One of my colleagues had his wife and two sons join the video call, and he introduced me to them. They were so happy to meet me because, apparently, they’d heard a lot about me at work. They had the chance to meet me, see who I was, and they were really happy about it.
What’s the one thing you see yourself doing differently once the WFM phase ends?
I want to continue to make time to mentor people who are not from my ecosystem. Normally, you'd give 150 per cent of yourself to the organisation, but there are many people in our industry, and outside of it (such as entrepreneurs and students), who would benefit from having me around.

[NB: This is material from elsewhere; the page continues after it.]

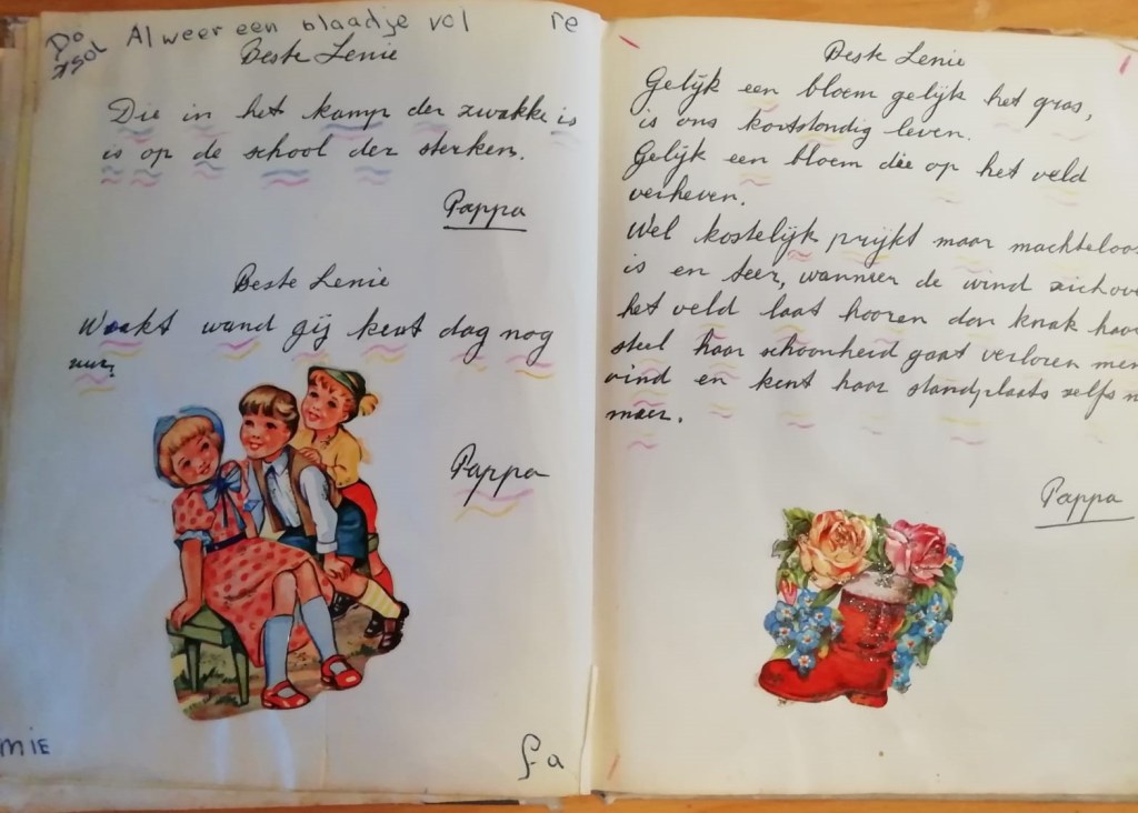 Toen ons jongste zusje Leny naar de lagere school ging, was er financieel wel wat veranderd en kon er voor haar zo’n prachtig boekje gekocht worden. Velen schreven er leuke en grappige verhaaltjes of versjes in.

How frequently do you check in on your team while working from home?
I’ve deliberately tapered off in terms of being on call because this is my last week – I’d announced that on my LinkedIn blog post. Normally, I’d check in with a once a week 'virtual happy hour.'
We realised that the minute you have more than four people on a call, you’re not going to have a conversation – you’re going to be having fun. So, we do things like wear hats and sunglasses based on a theme. We have different themes every week – and last week’s theme was ‘crazy hats.’
You need to keep your meetings frequent and small. People assume that in times of crisis – what is needed is inspirational leadership (one single leader inspiring an entire group), but what's really needed is a balance between that and shared leadership. It's better to have eight leaders for eight smaller groups, rather than a single leader, who tries to connect with the whole group. Inspiration doesn’t translate very well through video calls and calls, you can’t really form a connection. Whereas in smaller groups, more people assume the role of team leaders and mentors.
What are some of the ways you’re attempting to give back to the society, during these trying times?
We have four different streams of self-organised volunteers. I am the tower lead for my individual building and we check in with senior citizens daily. The second is that we did a bulk medicine collection drive to ensure that the people in the building have adequate medicines.
The third thing is that we have two in-house stores which are overwhelmed with lack of assistance so we take one hour shifts to help the store organise aspects related to payments, delivery, pick ups, stock of items, and so on. This is to ensure that the residents of the building don’t run out of food and essential commodities, and to support the employees who get very tired by the demand.
The fourth is that we have around 20 guards and workers in the building, so we organised for their food and stay. We’ve organised for a mess for them with bedding, etc. If they’re there for us 24 hours, we need to make sure they’re fed and taken care of. All in all, we have about 70 people in different work streams. We also have families in quarantine, and we walk their dogs (for them) and get supplies delivered to their doorstep. We’ve also started a meal collection drive for daily wage labourers in the neighbourhood who were unable to leave the city.